Top of INFORMATION SHOWN

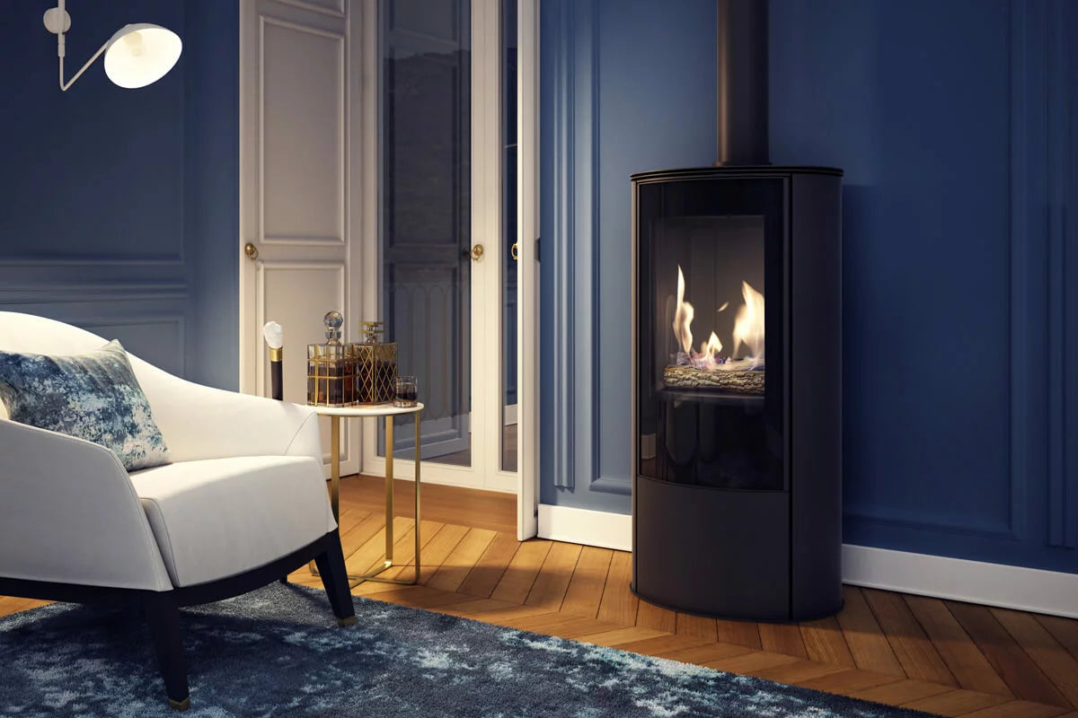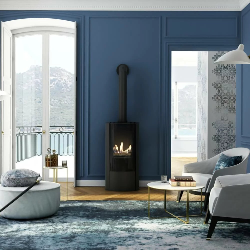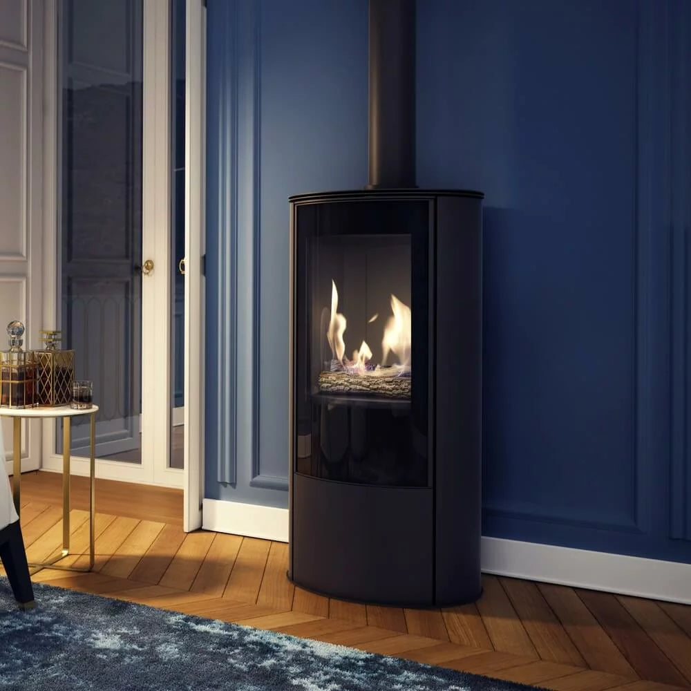The AB/S Gas is modern and luxurious closed-combustion freestanding gas fireplace. This feature fireplace offers a sleek, minimalistic design with blackened glass framing the view of the fire. The coaxial flue pipe systems ensure that this gas fireplace is a sealed and safe system. The sleek design comes with a digital hand held remote and realistic ceramic logs.
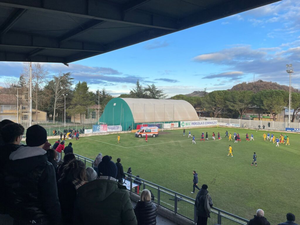 PERGOLA, 8 dicembre 2024 – Pergolese-Biagio Nazzaro è stata sospesa e rinviata a data da destinarsi. Al 16’, dopo un contrasto, il giocatore locale Salciccia ha battuto la testa contro il muretto di protezione del campo. Immediatamente soccorso dai volontari della Croce Rossa presenti per l’assistenza sanitaria, è stato trasportato in ambulanza in eliambulanza all’ospedale di Torrette di Ancona.
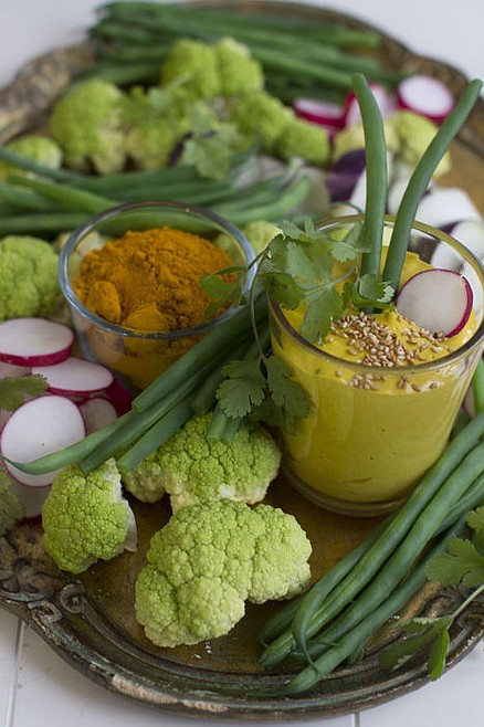 Or, if you and your friends are gathering in front of the television to watch the Oscars, consider trying this golden dip made with tahini (sesame paste) and honey. Set it on a platter of fancy crudite: blanched haricot verts, florets of neon green romanesco cauliflower, wedges of persimmon and kohlrabi, and paper-thin slices of watermelon radish.
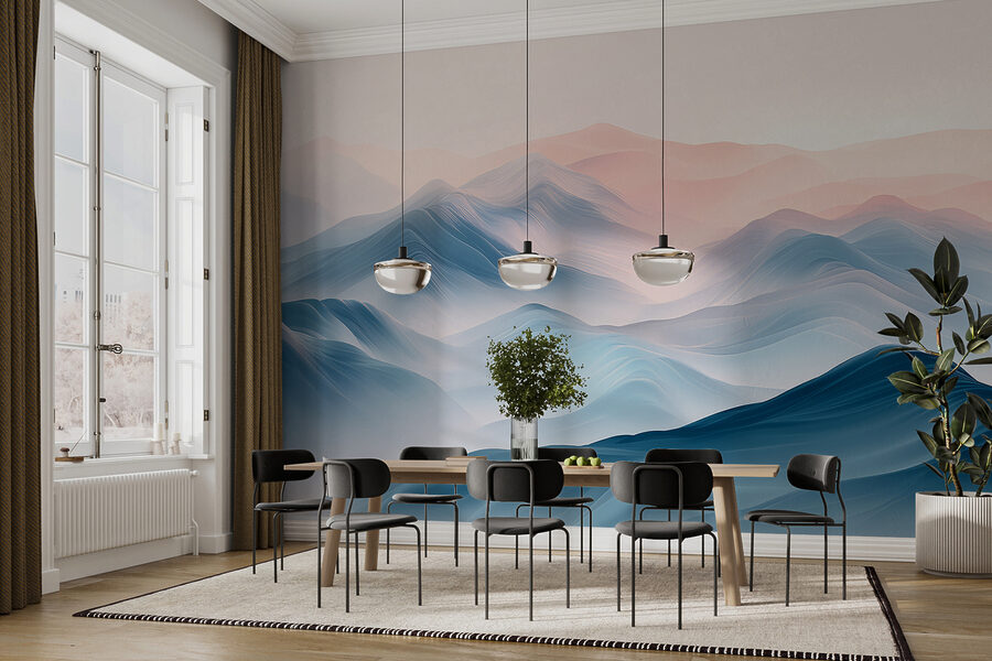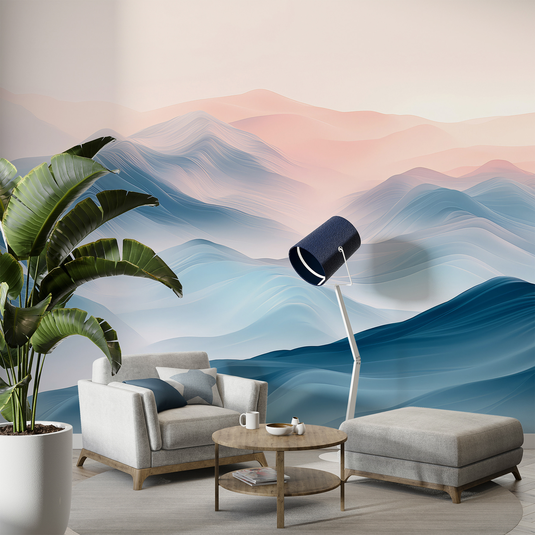 De zachte, vloeiende lijnen en zachte kleurverlopen van deze muurschildering geven elke ruimte een ruim en luchtig gevoel. Het is niet zomaar een muurbekleding, maar een portaal naar rust, een gespreksstarter en een canvas dat rust brengt in je dag. Iedereen die je huis binnenloopt zal er ook een willen – geloof me!
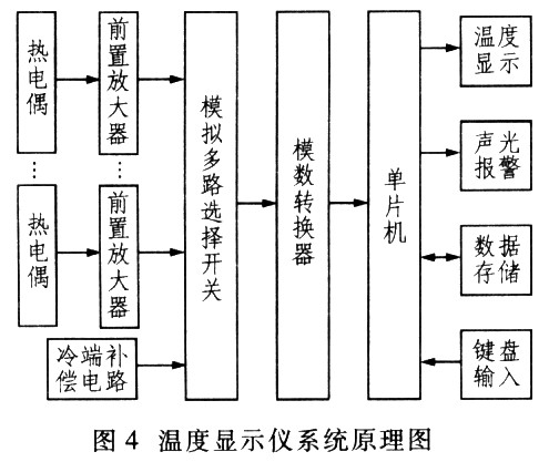 根據以上要求,筆者在溫度顯示儀的設計中以AT89C51型單片機為核心,采用MAX1224型12位串行A/D轉換器構成采樣模塊進行電路設計。溫度顯示儀的主要功能是完成實時溫度循環顯示功能,它主要用于工業現場中的加熱爐及具有較高溫度的場合,它的測溫范圍是O℃~1200℃,誤差要求小于±5℃。所設計的溫度顯示儀要求具有4路溫度檢測通道,由熱電偶采集現場溫度,并由冷端補償電路進行補償,再由前置放大電路將檢測到的微小信號轉變為ADC可轉換的信號。溫度顯示儀系統原理如圖4所示。

Bottom of INFORMATION SHOWN

INSTRUCTIONS TO FOLLOW: Give back the whole listing exactly as written. Do not include any picture.

OUTPUT OF THE EXERCISE:
The AB/S Gas is modern and luxurious closed-combustion freestanding gas fireplace. This feature fireplace offers a sleek, minimalistic design with blackened glass framing the view of the fire. The coaxial flue pipe systems ensure that this gas fireplace is a sealed and safe system. The sleek design comes with a digital hand held remote and realistic ceramic logs.
 PERGOLA, 8 dicembre 2024 – Pergolese-Biagio Nazzaro è stata sospesa e rinviata a data da destinarsi. Al 16’, dopo un contrasto, il giocatore locale Salciccia ha battuto la testa contro il muretto di protezione del campo. Immediatamente soccorso dai volontari della Croce Rossa presenti per l’assistenza sanitaria, è stato trasportato in ambulanza in eliambulanza all’ospedale di Torrette di Ancona.
 Or, if you and your friends are gathering in front of the television to watch the Oscars, consider trying this golden dip made with tahini (sesame paste) and honey. Set it on a platter of fancy crudite: blanched haricot verts, florets of neon green romanesco cauliflower, wedges of persimmon and kohlrabi, and paper-thin slices of watermelon radish.
 De zachte, vloeiende lijnen en zachte kleurverlopen van deze muurschildering geven elke ruimte een ruim en luchtig gevoel. Het is niet zomaar een muurbekleding, maar een portaal naar rust, een gespreksstarter en een canvas dat rust brengt in je dag. Iedereen die je huis binnenloopt zal er ook een willen – geloof me!
 根據以上要求,筆者在溫度顯示儀的設計中以AT89C51型單片機為核心,采用MAX1224型12位串行A/D轉換器構成采樣模塊進行電路設計。溫度顯示儀的主要功能是完成實時溫度循環顯示功能,它主要用于工業現場中的加熱爐及具有較高溫度的場合,它的測溫范圍是O℃~1200℃,誤差要求小于±5℃。所設計的溫度顯示儀要求具有4路溫度檢測通道,由熱電偶采集現場溫度,并由冷端補償電路進行補償,再由前置放大電路將檢測到的微小信號轉變為ADC可轉換的信號。溫度顯示儀系統原理如圖4所示。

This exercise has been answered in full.